Task prompt: Leave out the pictures and retype everything else in the records below exactly.

Source data:
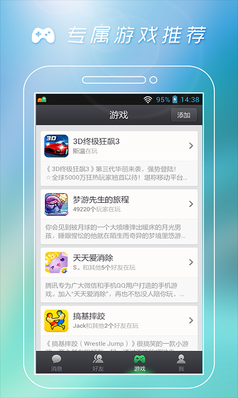 你可以将自己喜欢的游戏一键分享给好友,对方点击聊天气泡即可下载同款游戏;
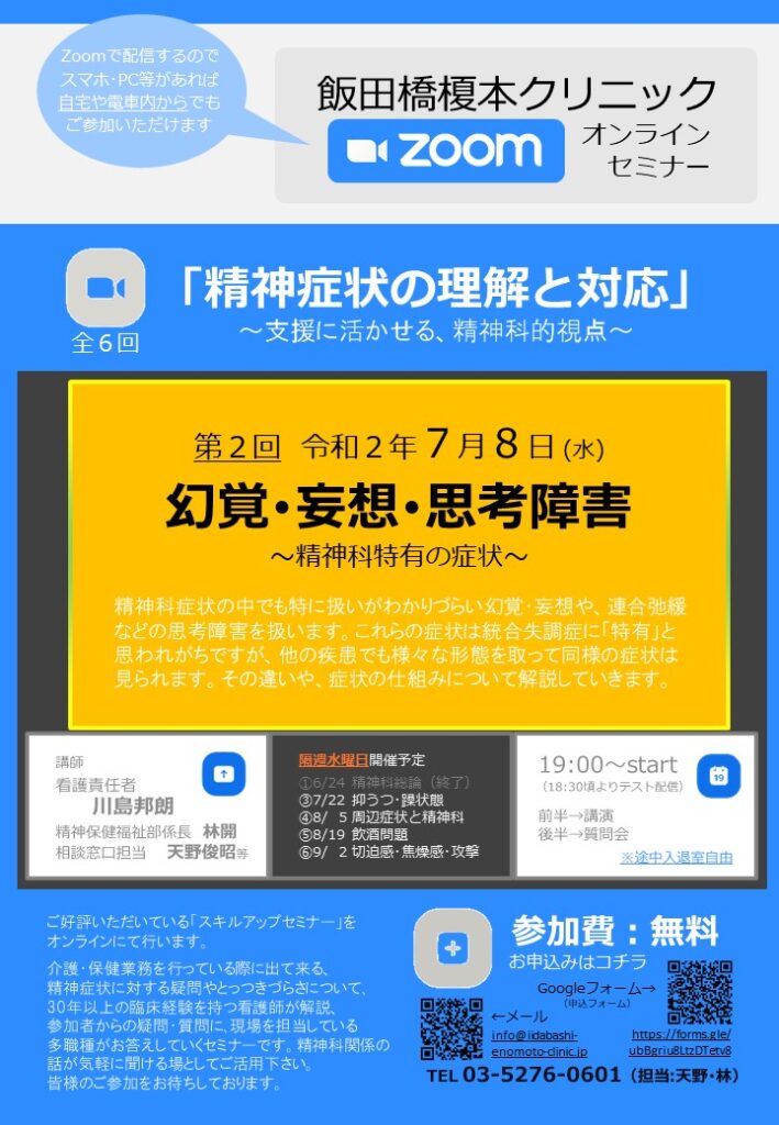 【R2.7.8水】飯田橋Zoomセミナー「精神症状の理解と対応」第②回:幻覚 ・妄想 ・思考障害
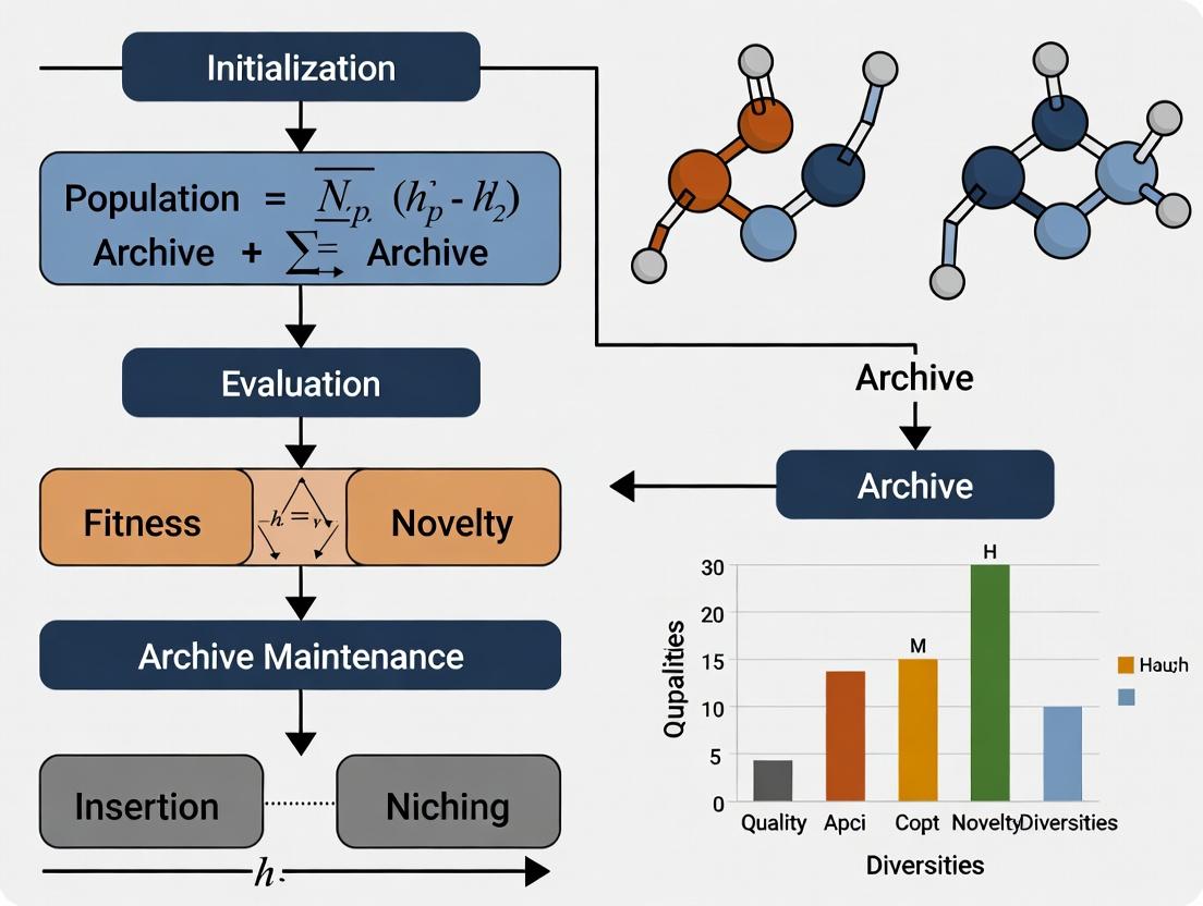 Traditional EAs apply fixed genetic operators (crossover, mutation) and selection mechanisms. However, no single EA configuration is optimal across diverse drug discovery problem domains, such as de novo molecular design, ADMET prediction, and binding affinity optimization. Meta-optimization treats the design of an EA (e.g., choice of operators, their rates, population dynamics) as an optimization problem itself. The MAP-Elites QD algorithm is proposed as a meta-optimizer to populate a map of high-performing yet behaviorally diverse EA designs.
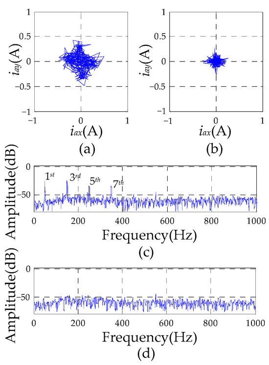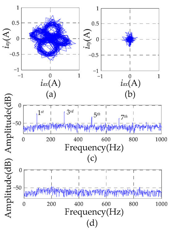In Figure 15 and Figure 16, the experimental results of the control current in the AX channel and the AY channel before and after implementing the proposed method are illustrated. Due to the presence of only odd harmonic components, the proposed method with the first to the seventh odd harmonic components is considered. The rotating frequency is 50 Hz and the parameters are set to θ1 = 5pi/4, θ3,5,7 = pi/4 in Figure 15. From Figure 15a,c, it can be found that the original control currents in the A-end are about 0.4A, and the first to the seventh odd harmonic components in the A-end control current are −27.1 dB, −24.8 dB, −35.1 dB and −35.2 dB. However, the control current with the proposed method is about 0.15A, which is 37.5% of the primitive amplitude, and the first to the seventh odd harmonic components of the current reduce to −54.9 dB, −51.3 dB, −55 dB and −55.2 dB, which are submerged in noises.
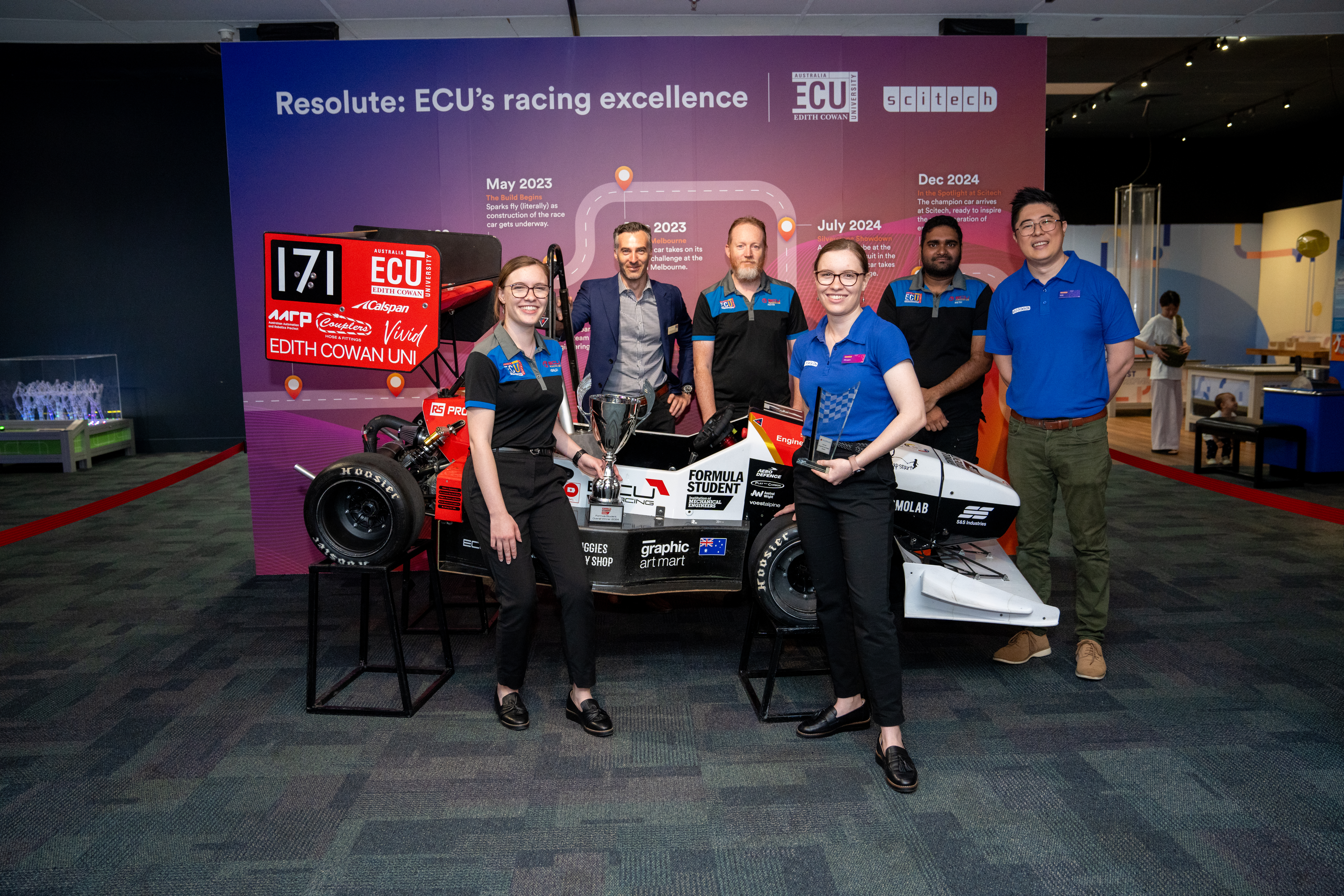 From December 2024 to January 2025, the Scitech Discovery Centre hosted ECU Racing Team’s custom-built Wilson Resolute race car, which took the top spot at Formula Student 2024 in the UK.
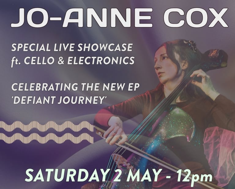 Jo-anne Cox is a boundary-defying performer/composer based in London. She is neurodivergent and plays a sparkling purple ‘dragon cello’, a symbol of power and resistance defying society’s expectations to fit the norm, blending the warmth of strings with magical electronic textures, dance rhythms, and evocative melody lines.
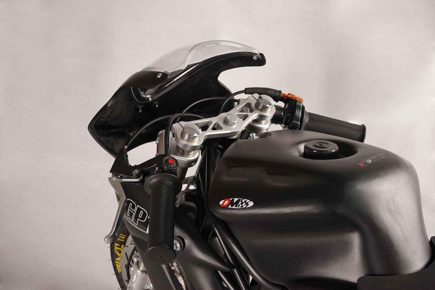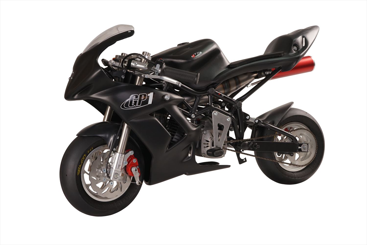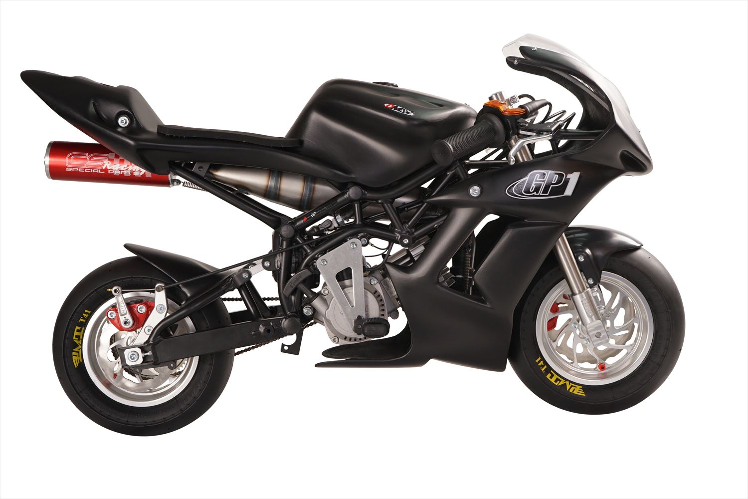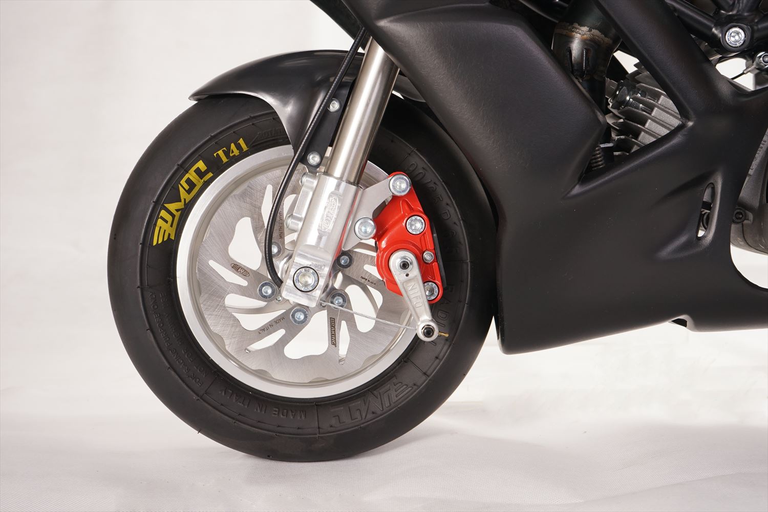 新しいカウルは革新的なデザインのグラスファイバー製マットブラック。抜群の耐久性と空力を実現し、スチール製スイングアームとの統一デザイン。
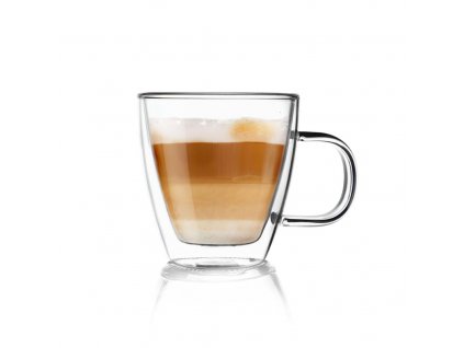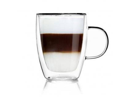 Moderný hrnček s dvojstenným sklom 0,43 l, vhodný na prípravu kávy alebo čaju.

Your solution:
 你可以将自己喜欢的游戏一键分享给好友,对方点击聊天气泡即可下载同款游戏;
 【R2.7.8水】飯田橋Zoomセミナー「精神症状の理解と対応」第②回:幻覚 ・妄想 ・思考障害
 Traditional EAs apply fixed genetic operators (crossover, mutation) and selection mechanisms. However, no single EA configuration is optimal across diverse drug discovery problem domains, such as de novo molecular design, ADMET prediction, and binding affinity optimization. Meta-optimization treats the design of an EA (e.g., choice of operators, their rates, population dynamics) as an optimization problem itself. The MAP-Elites QD algorithm is proposed as a meta-optimizer to populate a map of high-performing yet behaviorally diverse EA designs.
In Figure 15 and Figure 16, the experimental results of the control current in the AX channel and the AY channel before and after implementing the proposed method are illustrated. Due to the presence of only odd harmonic components, the proposed method with the first to the seventh odd harmonic components is considered. The rotating frequency is 50 Hz and the parameters are set to θ1 = 5pi/4, θ3,5,7 = pi/4 in Figure 15. From Figure 15a,c, it can be found that the original control currents in the A-end are about 0.4A, and the first to the seventh odd harmonic components in the A-end control current are −27.1 dB, −24.8 dB, −35.1 dB and −35.2 dB. However, the control current with the proposed method is about 0.15A, which is 37.5% of the primitive amplitude, and the first to the seventh odd harmonic components of the current reduce to −54.9 dB, −51.3 dB, −55 dB and −55.2 dB, which are submerged in noises.
 From December 2024 to January 2025, the Scitech Discovery Centre hosted ECU Racing Team’s custom-built Wilson Resolute race car, which took the top spot at Formula Student 2024 in the UK.
 Jo-anne Cox is a boundary-defying performer/composer based in London. She is neurodivergent and plays a sparkling purple ‘dragon cello’, a symbol of power and resistance defying society’s expectations to fit the norm, blending the warmth of strings with magical electronic textures, dance rhythms, and evocative melody lines.
 新しいカウルは革新的なデザインのグラスファイバー製マットブラック。抜群の耐久性と空力を実現し、スチール製スイングアームとの統一デザイン。
 Moderný hrnček s dvojstenným sklom 0,43 l, vhodný na prípravu kávy alebo čaju.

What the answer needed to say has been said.